Consider a game with 2 stages. In the first stage, the player tosss a coin until a head is appears

Question

Consider a game with 2 stages. In the first stage, the player tosss a coin until a head is appears. Say that it takes j flips to get a head.
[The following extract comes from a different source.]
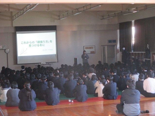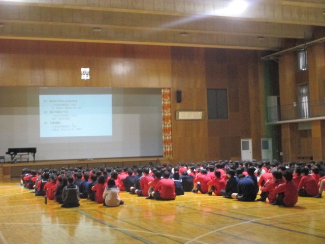 2学期も残り2日となりました。それぞれ学年集会が開かれました。1時間目は1年生、2時間目は3年生、3時間目は2年生が行いました。

Then, in the second stage, he random draws an integer between 1 and $ 2^j $ to get his winnings (so for example if he draws 2,he gets 2 dollars). a) What is the average amount of dollars he gets? b)Given that he wins 4 dollars, what is the probability that the coin was flipped exactly 6 times,i.e,that j=6?
My work for question a is I have the probability $\frac{1}{2^j}$ until getting a head,and each time I have a head,i calculate the expected value of money in range from 1 to j,so:
\begin{equation} E(X) = \sum_{j=1}^\infty \frac{1}{2^j}\sum_{i=1}^{j}i\frac{1}{2^j} \end{equation} b) I call A is the event he gets 4 dollars and B is the event he flipped the coin exactly 6 times,so
\begin{equation} P(B|A) = \frac{P(B \cap A)}{P(A)} \end{equation} with
\begin{equation} P(B \cap A) = \frac{1}{2^6} \ and \ P(A)=\sum_{i=2}^\infty \frac{1}{2^i} \end{equation} is it a right way to do? if it's right, how can i calculate the sums?

Answer 1

(a) Your inner summation should go from $1$ to $2^j$. You can also simplify the summations:

$$ \begin{equation} E(X) = \sum_{j=1}^\infty \frac{1}{2^j}\sum_{i=1}^{2^j}i\frac{1}{2^j} = \sum_{j=1}^\infty \left( \frac{1}{2^j}\cdot \frac{1+2^j}{2} \right) =\frac{1}{2}\sum_{j=1}^\infty \left( \frac{1}{2^j} + 1 \right) = +\infty \end{equation} $$

(b) How did you get $P(B \cap A) = \frac{1}{2^6}$? Isn't that $P(B)$? Since $P(A)$ and $P(A \cap B)$ are hard to computer I suggest computing the conditional this way:

$$ \begin{equation} P(flip=6|won=$4) = \frac{P(won=$4|flip=6)P(flip=6)}{\sum\limits_{i=1}^\infty P(won=$4|flip=i)P(flip=i)} \end{equation} $$